---
license: other
license_name: lfm1.0
license_link: LICENSE
language:
- en
pipeline_tag: text-to-audio
tags:
- liquid
- edge
- lfm2.5-audio
- lfm2.5
- onnx
- onnxruntime
- webgpu
- tts
- asr
- speech
base_model:
- LiquidAI/LFM2.5-Audio-1.5B
---
# LFM2.5-Audio-1.5B-ONNX
ONNX export of [LFM2.5-Audio-1.5B](https://huggingface.co/LiquidAI/LFM2.5-Audio-1.5B) for cross-platform inference.

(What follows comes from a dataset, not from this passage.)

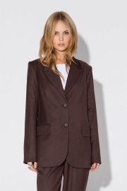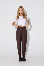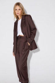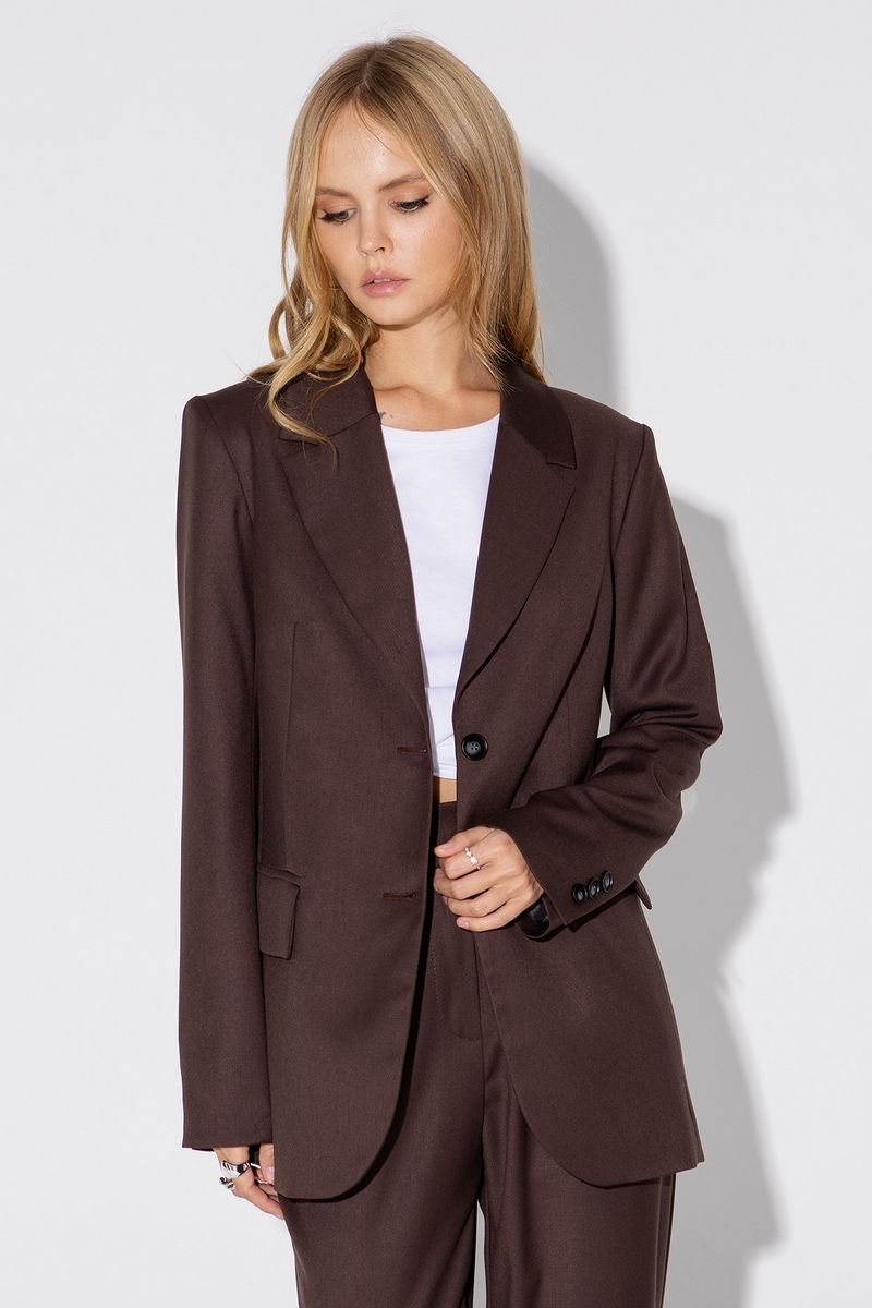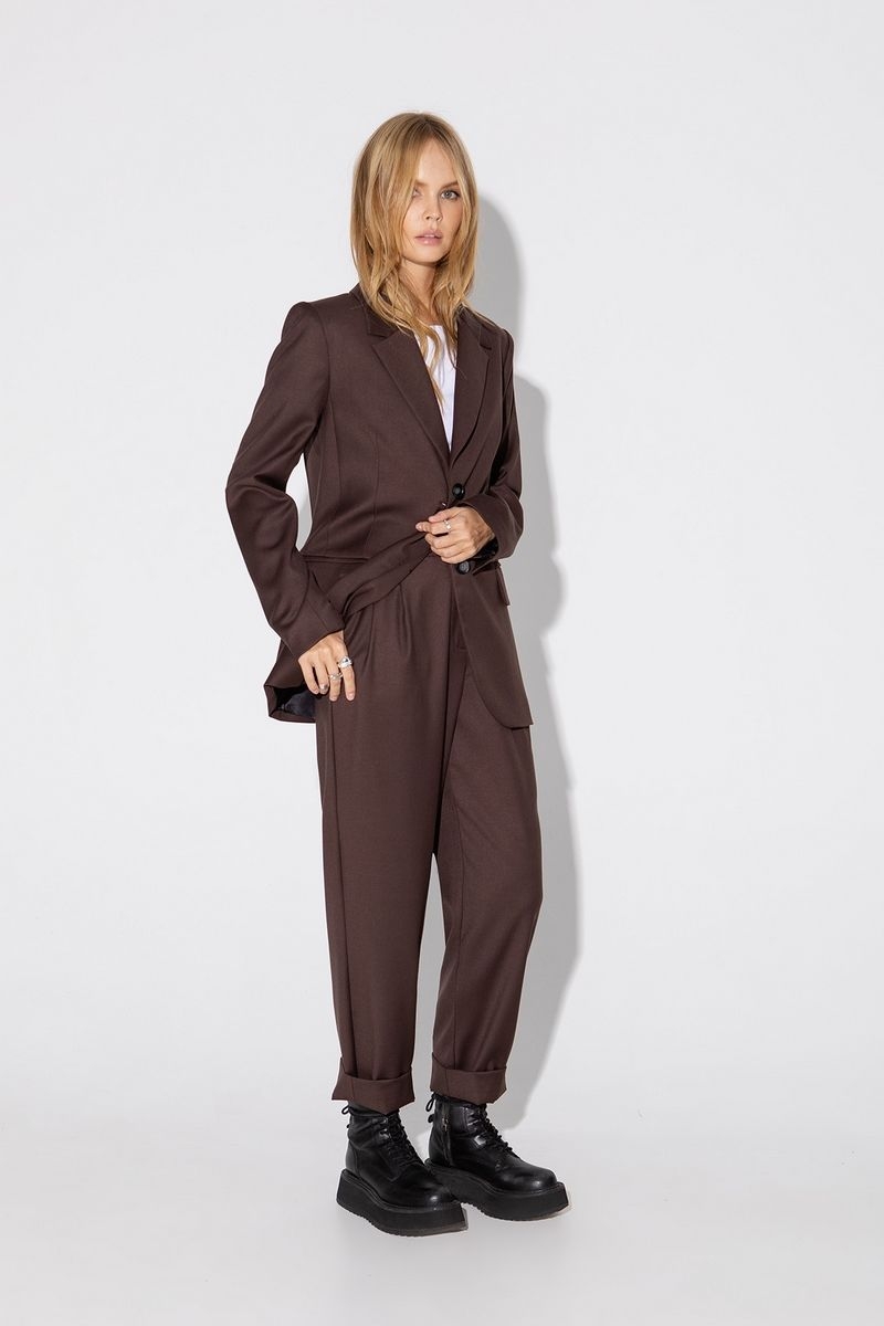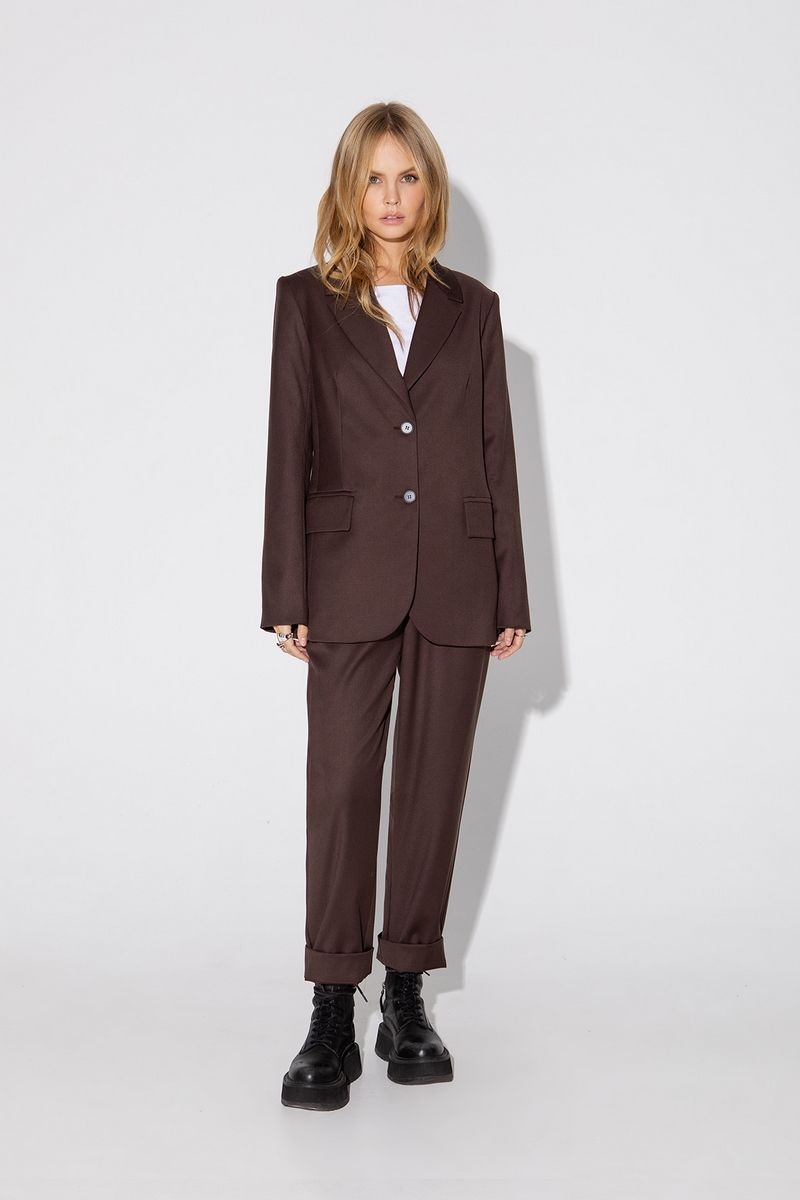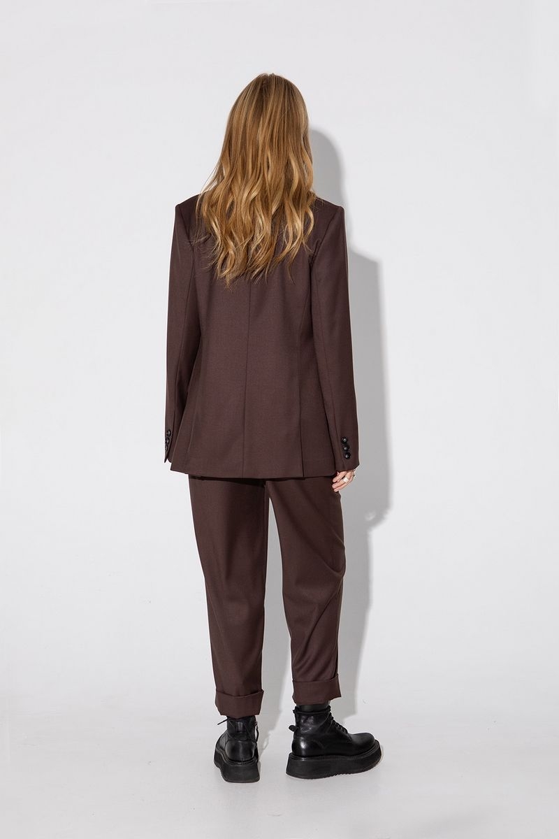 Текстильный костюм-двойка из свободного жакета со шлицами и брюк со складками. Детали: жакет полуприлегающего силуэта, талиевые вытачки, пиджачный воротник, застежка на две петли и пуговицы, функциональные карманы, рукава и спинка со шлицами, жакет на подкладке. Брюки с высокой посадкой, притачной пояс со шлевками, задняя часть пояса эластичная- с резинкой, застежка на молнию и пуговицу, боковые карманы, передние половины с двумя складками. Длина жакета по спинке около 70 см в размерах 40-46 и около 73 см в размерах 48-52, длина рукавов около 63 см. Длина брюк по боковому шву с поясом около 99,5 см в размерах 40-46 и около 101 см в размерах 48-52, длина по внутреннему шву около 70 см.

LFM2.5-Audio is a multimodal model supporting three modes:
- **ASR** (Automatic Speech Recognition): Audio → Text
- **TTS** (Text-to-Speech): Text → Audio
- **Interleaved**: Mixed text and audio input/output
## Recommended Variants
| Decoder | Vocoder | Size | Platform | Use Case |
|---------|---------|------|----------|----------|
| Q4 | Q4 | ~1.5GB | WebGPU, Server | Recommended for most uses |
| FP16 | FP16 | ~3.2GB | Server | Higher quality |
- **WebGPU**: Use Q4 decoder + Q4 vocoder (Q8 not supported)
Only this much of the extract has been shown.